Итак, осиротевшая семья ждала от старшего сына помощи; печальная участь Чарлза показала, что, будучи архитектором, не очень-то разбогатеешь, да и отсутствие у Артура наклонностей к точным наукам было уже слишком очевидно для всех; надо было искать другую профессию, более надежную. В конце концов было решено, что он должен получить специальность врача. Почему вдруг именно врача, ведь ни малейшей тяги к медицине он не испытывал и до сих пор ни ему, ни матери подобная возможность даже в голову не приходила? Причины выбора могли быть очень просты: профессия доктора давала неплохой заработок и была престижной (из этих же соображений – всего двумя годами позже – выберет медицину и юный Антон Чехов). Но в наш век никто не любит простых объяснений; в деле появляется новый фигурант.

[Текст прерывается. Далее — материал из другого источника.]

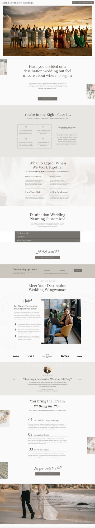 Built on Showit, Solana gives you drag-and-drop freedom and a pre-labeled layout that’s as intuitive as it is beautiful. It’s fully customizable, SEO-friendly, and mobile-ready — so you can go from idea to live page in days, not weeks.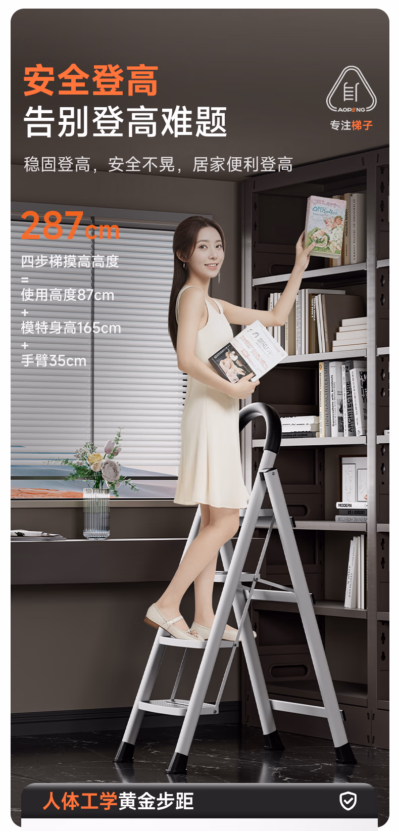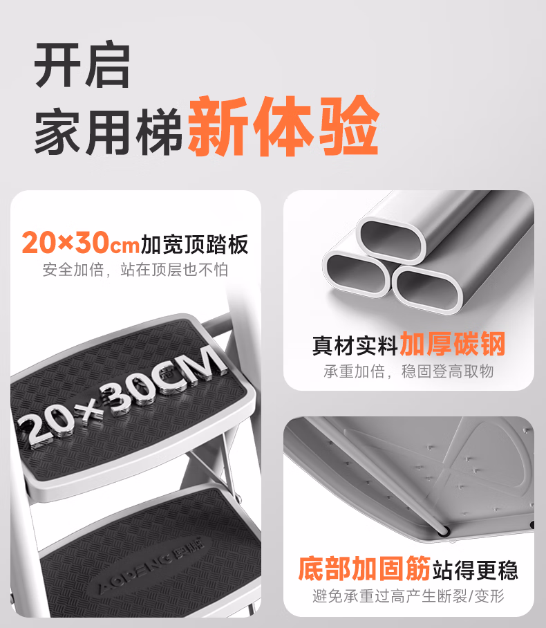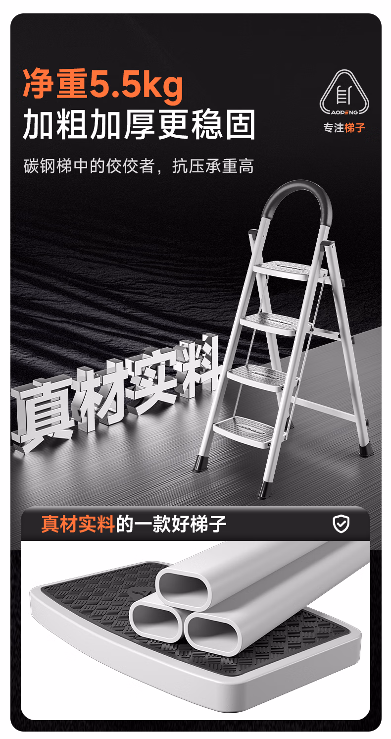 包装清单  :   奥鹏 梯子家用四步折叠梯子加厚钢管铁梯宽踏板人字梯单侧工程梯
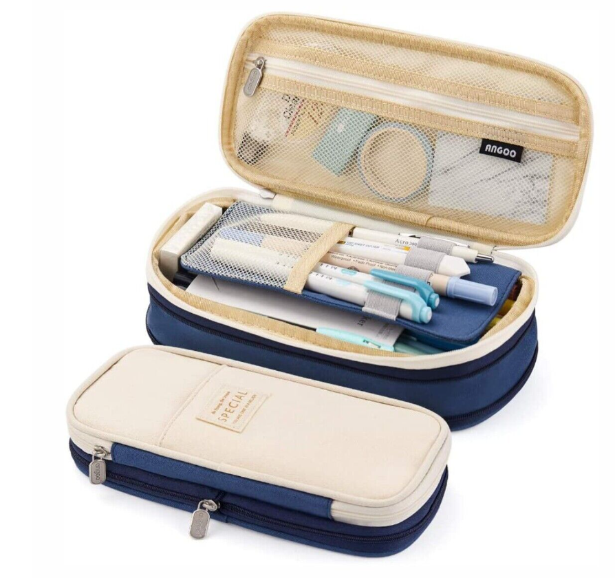 - Large enough to store all the stationery stuff, including a mesh zipper pocket and several loops compartment, also comes with a front pocket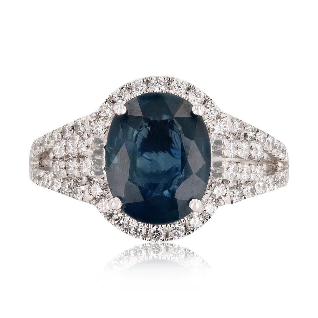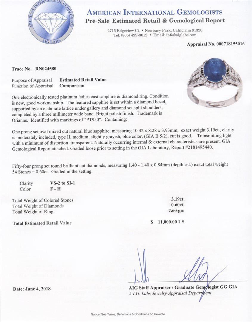3.19ct Blue Sapphire and 0.60ctw Diamond Platinum Ring (GIA CERTIFIED). One electronically tested platinum ladies cast sapphire and diamond ring. Condition is new, good workmanship. The featured sapphire is set within a diamond bezel, supported by an elaborate lattice under gallery and diamond set split shoulders, completed by a three millimeter wide band. Bright polish finish. Trademark is Orianne. Identified with markings of "PT950". Containing: One prong set oval mixed cut natural blue sapphire, measuring 10.42 x 8.28 x 3.93mm, exact weight 3.19ct., clarity is moderately included, type II, medium, slightly grayish, blue color, (GIA B 5/2), cut is good. Transmitting light with a minimum of distortion. transparent. Naturally occurring internal & external characteristics are present. GIA Gemological Report attached. Graded loose prior to setting in the GIA Laboratory, Report 2181495440. Fifty-four prong set round brilliant cut diamonds, measuring 1.40 - 1.40 x 0.84mm (depth est.) exact total weight 54 Stones = 0.60ctw. Graded in the setting. Clarity VS-2 to SI-1 Color F - H Total Weight of Colored Stones 3.19ct. Total Weight of Diamonds 0.60ctw. Total Weight of Ring 7.60 gm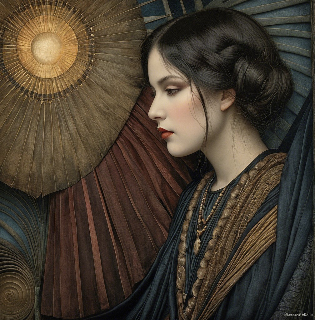 A young woman with long, dark hair is adorned in elaborate jewelry and a deep blue garment. She features a striking feathered headdress and has a serene expression, conveying elegance and strength.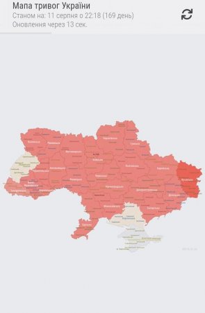 На Закарпатті за сьогодні вже втретє оголошено повітряну тривогу. Наразі тривога - майже у всіх областях України. На Заході, згідно карти тривог, її не оголошено у Львівській області. Проходьте в укриття, не ігноруйте попередження!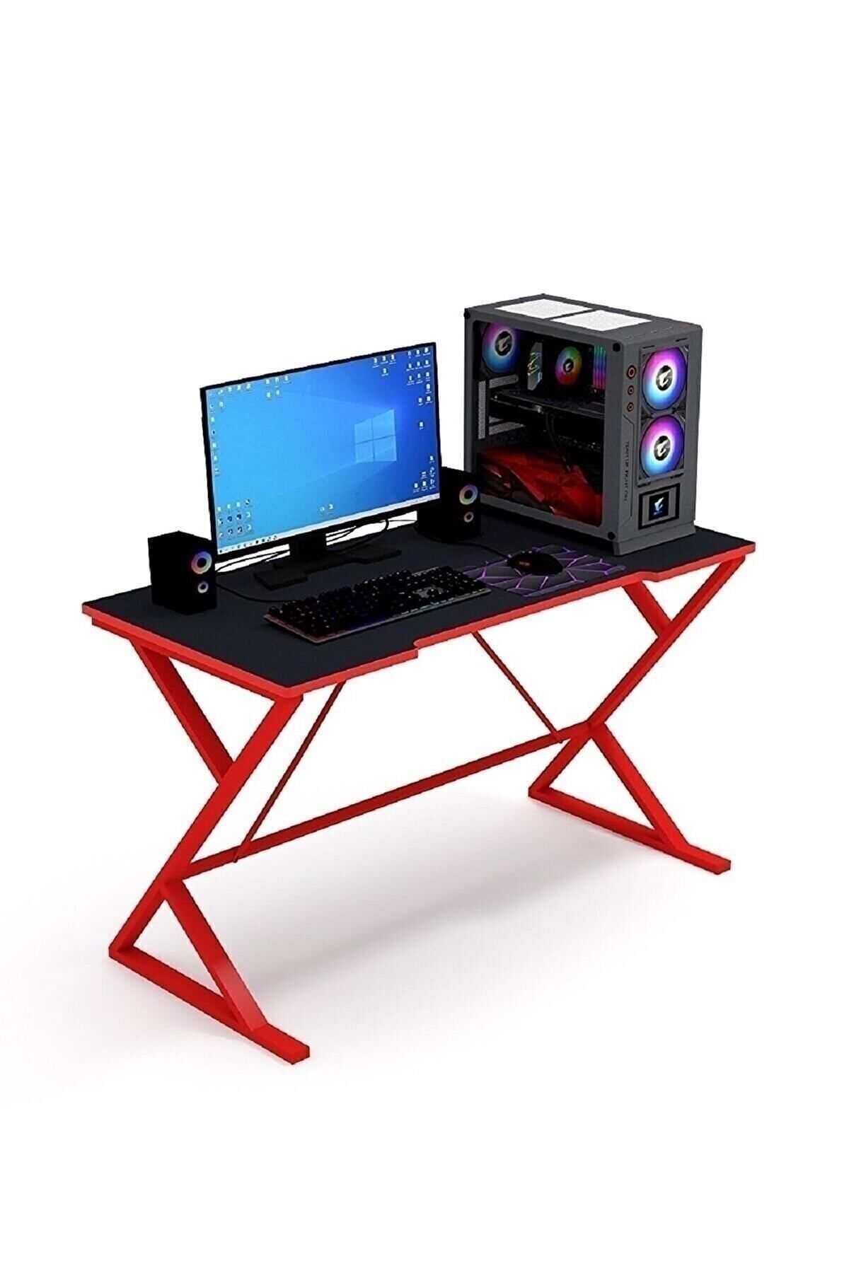 SINIF SİYAH 18mm YONGA LEVHADAN, KENARLARI PVC BANT KAPLI, STATIK PROFİL KIRMIZI METAL AYAKTAN OLUŞAN BİR OYUNCU MASASIDIR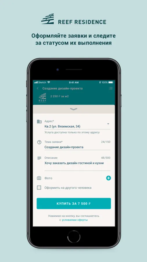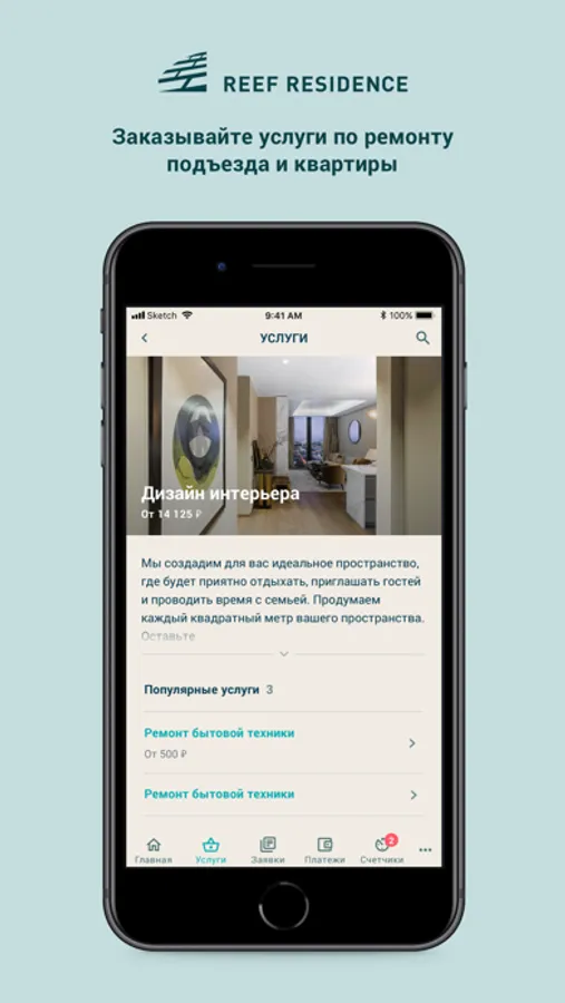 REEF Residence - это Ваш надежный помощник на территории резиденции. Все услуги эксплуатирующей организации в одном приложении.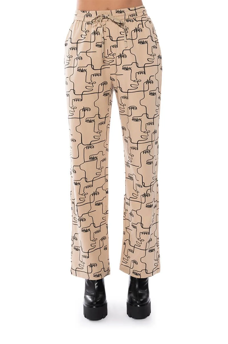 New Year, new The AKIRA Label New Society Drawstring Pants! These bottoms are part of a chic, two-piece set made of a lightweight base fabric with an all over abstract line art print design. Complete with an elastic drawstring waistband, slant side pockets, flap pockets at the back, and a straight leg silhouette. Pair with the matching top, The AKIRA Label New Society Printed Button Down Top, and heeled boots for an easy, effortless look.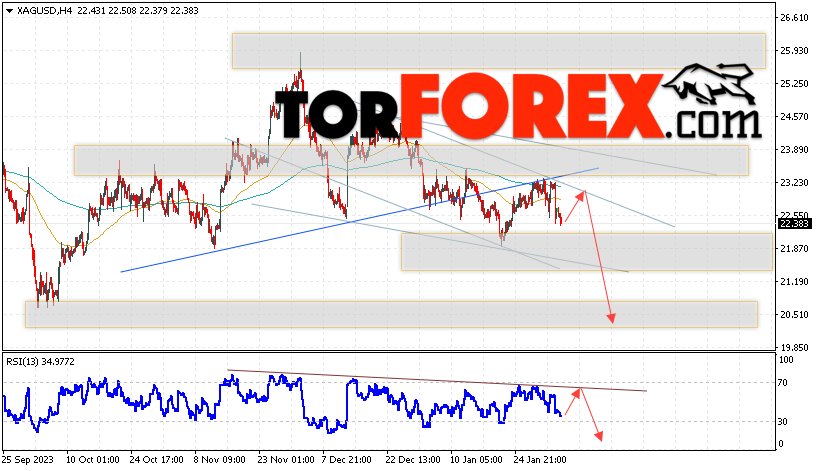 Дополнительным сигналом в пользу падения котировок и цен на Серебро XAG/USD выступит тест линии сопротивления на индикаторе относительной силы (RSI). Вторым сигналом в пользу снижения станет отскок от верхней границы медвежьего канала. Отменой варианта падения цен на Серебро 6 февраля 2024 станет сильный рост и пробой 23.65. Это укажет на пробой области сопротивления и продолжение роста в область выше уровня 26.25. Ожидать ускорения падения котировок XAG/USD стоит с пробоем области поддержки и закрытием цены под уровнем 21.75.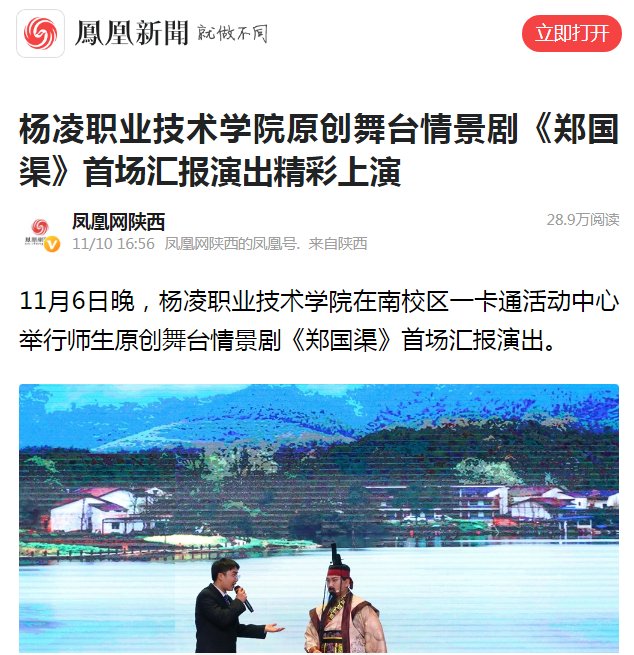 11月6日晚,350vip浦京集团官网在南校区一卡通活动中心举行师生原创舞台情景剧《郑国渠》首场汇报演出。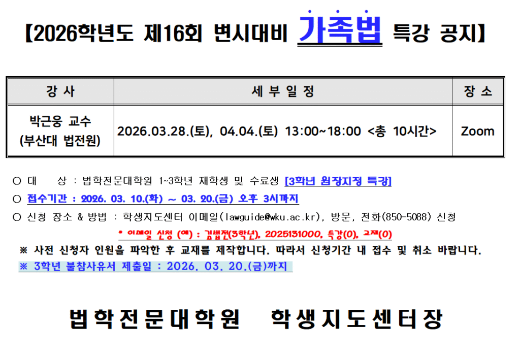 공지사항 홈공지사항공지사항 2026학년도 제16회 변시대비 가족법 특강 공지 2026학년도 제16회 변시대비 가족법 특강 공지 학생지도센터2026-03-10 페이스북 트위터 구글플러스 이메일 프린트 이전공지사항다음

Еще до того, как Чарлз был помещен в лечебницу, он уже фактически перестал быть кормильцем семьи, и женщины взяли дело добывания денег в свои руки. Старшая дочь Аннет была вынуждена искать места экономки или гувернантки в богатых домах и в конце концов уехала в Португалию, чтобы там поступить на службу: англичанок-домоправительниц на континенте ценили. А Мэри Дойл по примеру своей матери решила брать жильцов на пансион; как пишет Конан Дойл, это «в некоторых отношениях, возможно, облегчало ее положение, зато в других было для нее гибельным». Туманная фраза, причинившая биографам немало головной боли. Можно расшифровать ее, например, так: не все квартиранты платили вовремя, доход был небольшой, а хлопот и унижения – хоть отбавляй, и все это выматывало Мэри так, что она постоянно жила «на нервах». Однако современные исследователи (начало положили журналисты Дэвид Пири и Цуката Кобаяси, а за ними последовали и другие) дают этой фразе совершенно иное толкование, утверждая, что с одним из жильцов, Чарлзом Брайаном Уоллером, юным врачом, бывшим всего шестью годами старше Артура, Мэри Дойл вступила в любовную связь; именно по этой причине она отправила Чарлза в лечебницу, да и самая младшая ее дочь, Додо, появившаяся на свет в 1877-м, когда Чарлз был уже в Форден-Хаузе, родилась не от мужа, а от молодого Уоллера, о чем явно свидетельствует ее полное имя: Мэри Брайан Джулия (Джулией звали мать Брайана Уоллера.) В доказательство приводится тот факт, что Мэри Дойл несколько лет жила исключительно за счет Уоллера, кочевала с квартиры на квартиру с ним вместе, а в 1882-м вместе с младшими детьми переехала в дом, принадлежавший его родителям, и жила там бесплатно почти до самой смерти. Правда это (имеется в виду связь, а не финансовая поддержка и переезд, которые являются установленными фактами) или нет – сказать невозможно.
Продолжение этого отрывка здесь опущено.